Lalamove Officially Gains Unicorn Status

Hong Kong-based delivery startup Lalamove has reportedly raised a $300 million round of Series D funding at a +$1 billion valuation.

A Huge Southeast Asian Presence

Founded in 2013, Lalamove is a ride-haling delivery and logistics company like similar to Uber, which focusing on business and corporate clientele. The company - which operates out of mainland China - has over 2 million drivers across more than 130 cities, and boasts more than 28 million active users. Outside of China, Lalamove operates in seven other Asian countries, including Taiwan, Vietnam, Indonesia, Malaysia, Singapore, the Philippines, and Thailand. The latest round of funding is anticipated to be used to further expansion into southeast Asia and India.

The Latest Large Round of Funding

The latest $300 million round of Series D funding will reportedly be split in to two halves: Hillhouse Capital will lead the ‘D1' portion, and Sequoia China will lead the ‘D2’ tranche. The exact size of each half has not been disclosed. Previous to this, Lalamove closed a $100 million round of Series C funding in 2017. To date, Lalamove has raised more than $460 million after seven rounds of funding.

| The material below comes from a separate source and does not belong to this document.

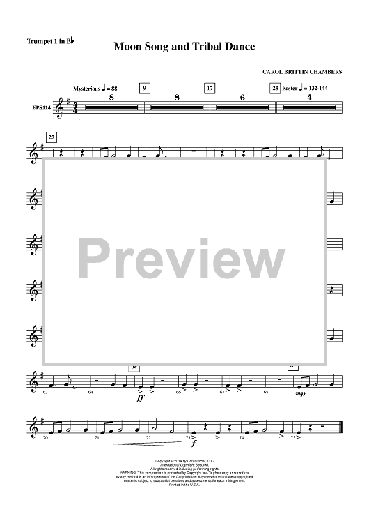 "Moon Song and Tribal Dance - Trumpet 1 in Bb" Sheet Music by Carol Brittin Chambers
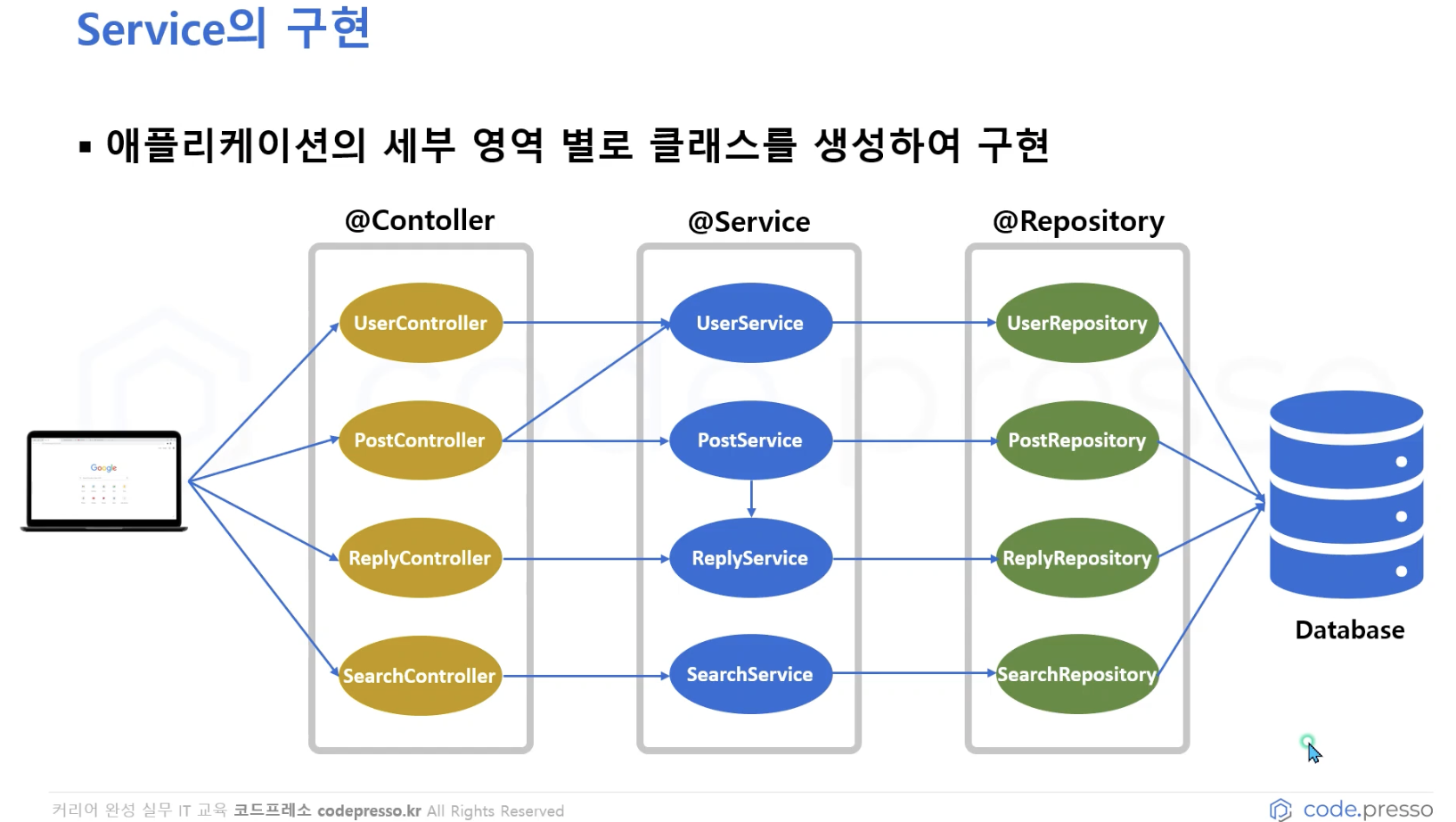 이 때 Service 계층은 View & Database의 종류와 상관없이 독립적인 계층으로 , 두 설정으로 인해 영향이 생기지 않도록 설계해야 한다.

Firmly in Unicorn Territory

According to reports, the latest round of funding places Lalamove firmly into unicorn status. However, according to company head of international Blake Larson, Lalamove has been, “past the unicorn mark for quite some time [but] we just don’t talk about it.” The company was reportedly just shy of a $1 billion valuation when it closed its $100 million round of Series C funding.

A 21st Century Founder and CEO

Lalamove was founded in 2013 by Stanford graduate, Shing Chow. According to Sequoia China founder and managing partner Neil Shen, “Shing is a role model for Hong Kong’s new generation of innovative entrepreneurs. Raised in Hong Kong and educated at Stanford University, Shing returned and plunged himself in the entrepreneurial wave of ‘Internet Plus,’ becoming a figure of entrepreneurial success.” By all accounts, the future seems very bright for the young CEO.